Problem to work on
Your task is to repeat all of the data exactly while excluding the pictures.

Data
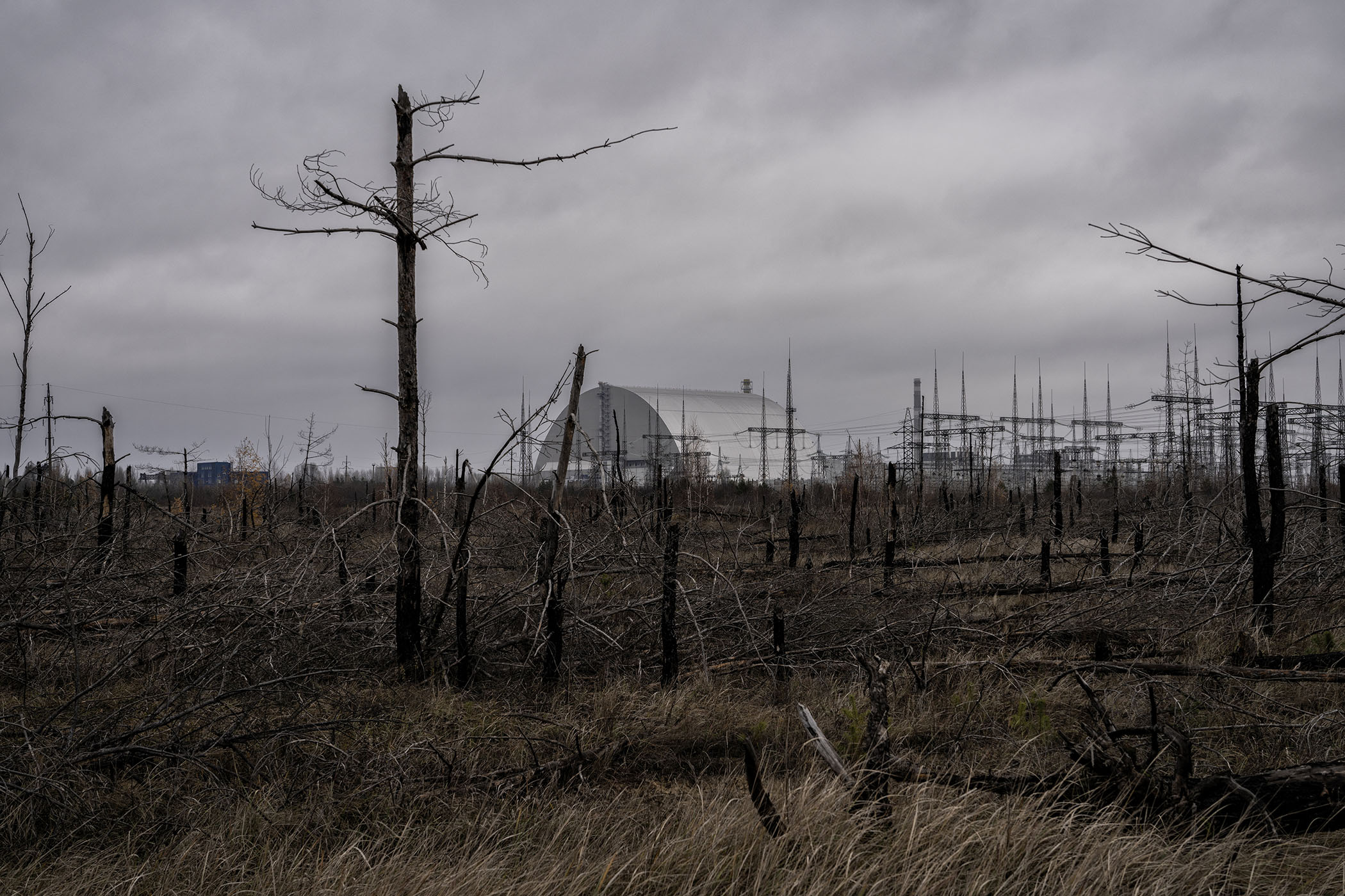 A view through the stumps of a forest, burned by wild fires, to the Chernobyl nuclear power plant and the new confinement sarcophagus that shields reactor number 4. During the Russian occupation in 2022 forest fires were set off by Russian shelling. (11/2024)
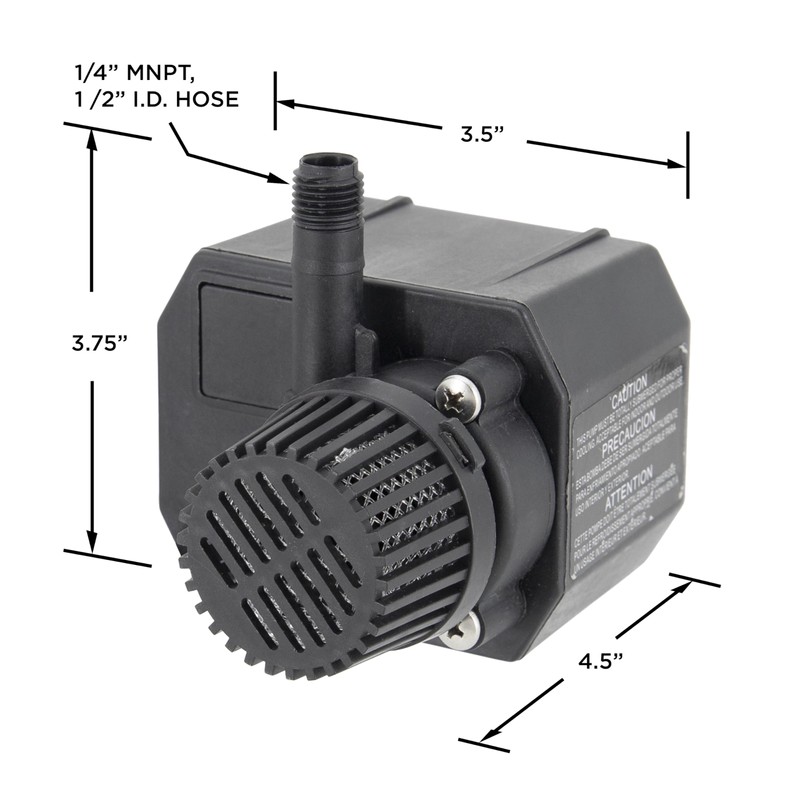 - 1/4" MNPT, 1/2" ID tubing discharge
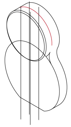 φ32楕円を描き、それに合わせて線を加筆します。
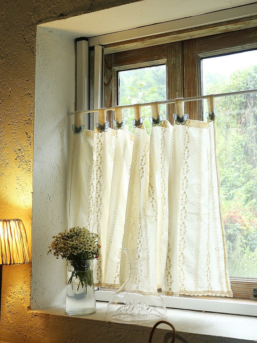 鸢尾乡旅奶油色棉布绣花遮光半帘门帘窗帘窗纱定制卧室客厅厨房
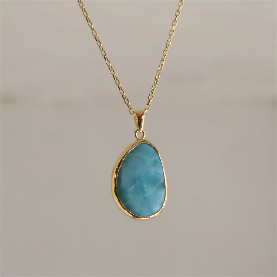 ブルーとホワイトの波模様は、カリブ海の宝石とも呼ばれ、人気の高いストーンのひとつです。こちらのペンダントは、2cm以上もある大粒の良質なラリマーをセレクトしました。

Answer to this task
 A view through the stumps of a forest, burned by wild fires, to the Chernobyl nuclear power plant and the new confinement sarcophagus that shields reactor number 4. During the Russian occupation in 2022 forest fires were set off by Russian shelling. (11/2024)
 - 1/4" MNPT, 1/2" ID tubing discharge
 φ32楕円を描き、それに合わせて線を加筆します。
 鸢尾乡旅奶油色棉布绣花遮光半帘门帘窗帘窗纱定制卧室客厅厨房
 ブルーとホワイトの波模様は、カリブ海の宝石とも呼ばれ、人気の高いストーンのひとつです。こちらのペンダントは、2cm以上もある大粒の良質なラリマーをセレクトしました。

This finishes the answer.